Friday, July 19, 2013

Running in the heat. aka finding lots of reasons not to run.

Hey Jacey - how is your training going?

I developed a half marathon training plan for Jacey.  I even scheduled it around her current life (because i didn't just half ass this/download hal higdon's plan and email it to her -- she is more than capable of doing that on her own). 

Last night, i got a text asking "what if i run in place for 30 minutes in my airconditioned apartment...does that count?"

No. No, that totally doesn't. But i feel her pain.  Its well over 90 with high humidity out here in Chicago (I'm assuming it is just as hellish in Milwaukee..) - everytime i think of running I also think "naw, girl, your ass looks good. you can skip this workout." But I went last night and did a speed workout. In the heat. Because I remember when my ass DIDN"T look good. and I don't want to go back to that place ever again. 

So - Jacey - did you end up running? Aside from running in the heat being just about the most miserable thing anyone can do - how is the training going so far?

Monday, July 8, 2013

holiday moonshine

My friend says that I attract crazy like hillbillies to moonshine. She has a point. My life is so full of moonshine right now -  I just want to be a lonely old lady. I give up on men.  I had two dates over the holiday weekend:

Date 1 was a first date on friday.  He said that he most often is told he looks like Justin Timberlakeso my expectations were pretty high.  His head was WAY too small - I"m talking Men in Black alien head small here...and he laughed like a nervous little girl. more like a high pitch giggle. ugh.
The KICKER? He tells ME that it isn't going to work out - like HE has any room to be picky! I'm not saying that I'm a 10 or anything, but getting dumped by a giggling alien headed guy after just one date was kind of a blow!

Date 2 was on Saturday and was the second date with a guy whom I was super excited about but then felt NOTHING for during our first date.  I gave him a second try because maybe we were both nervous on the first date?  Or maybe I had accidently taken one too many xanax and couldn't feel any emotion whatsoever.  In any event - I opted for a second date because this guy is PERFECT on paper.

We go out (he picked a Vegan restaurant which was very thoughtful). its ok. I mean, we get along.

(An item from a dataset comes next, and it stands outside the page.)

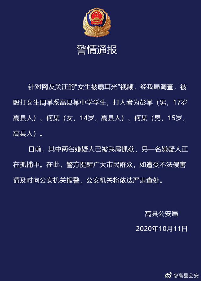 10月11日晚,宜賓市高縣公安局發佈警情通報稱,針對網友關注的「女生被扇耳光」視頻,經該局調查,被毆打女生周某系高縣某中學學生,打人者為彭某(男,17歲高縣人)、何某(女,14歲,高縣人)、何某(男,15歲,高縣人)。目前,其中兩名嫌疑人已被高縣公安局抓獲,另一名嫌疑人正在抓捕中。在此,警方提醒廣大市民群眾,如遭受不法侵害請及時向公安機關報警,公安機關將依法嚴肅查處。
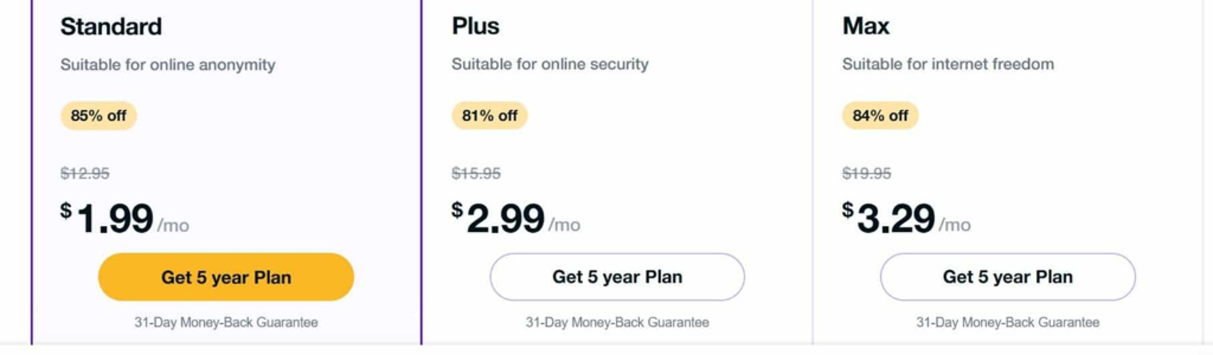 For users seeking enhanced features, PureVPN provides alternative options with similarly impressive discounts. Their Plus plan is available with an 81% reduction when choosing the 5-year commitment, bringing the monthly cost down to just $2.99.

He is interesting, smart, and not bad looking. But seriously, I felt NOTHING for him.
 
He tries to impress me by saying he went on a 50 mile ride. Which is an admirable distance (except i used to ride 40-60 miles every single day). But then he completely ruins it by saying that after SUCH A LONG RIDE, he can barely walk and his legs are jello.
Now i'm thinking,  "wow. where did you put your purse on your ride? I mean, you had to keep your lipstick and tampons somewhere."  Don't worry.  I didn't say that.  I'm much nicer after I apply that brain to mouth filter. 
 
He asks where I want to go after dinner and i said "home."  He was very understanding (you must have to get up early tomorrow to run!) but then asks for a ride home because he is too tired to take public transportation.  Now i'm just irritated.  I have to drive him like 6 miles out of my way (and in Chicago, 6 miles takes a while) which i'm not happy about.  He leans over to give me a kiss when he gets out of the car - i'm thinking a peck. but he full on tries to eat my face. And while is prodding me with his tongue, he moans. MOANS. He says "oooh that was SOO much better than last time." (Yeah, last time i was able to turn so he only got to peck my cheek...).
He was sweating like a Brazilian whore in the summertime. I felt so dirty.
I pull back, and say bye. He was leaving for India on sunday so i assumed that he will be gone 2 weeks and i can just ignore him when he gets back and that will be the end of that.
 
God, I was so WRONG.  that SAME NIGHT
he sends me a text asking if i'm free THE FUCKING NIGHT HE GETS BACK because he wants to have me over to his place so he can cook for me and watch movies. Movies. With an "s".  Plural. Guy code for "spend the night."
 
I didn't reply.
 
Sunday - on his way to the airport - he sends a text saying he is off to India. Like we are some sort of couple and he needs to let me know his travel schedule. He wishes that I were going with him and asked what i wanted him to bring me back.  Like we are a god damn couple.  Like we are a god damn couple in a long term relationship.
 
I didn't reply. 
 
I think i'm going to send him a message online telling him that it is over (I mean, i don't want him to have to pay for internataionl texting fees to hear that i'm ending our 2 date apparently committed relationship).
 
Time to invest in sweat pants and cats because this dating thing is NOT for me.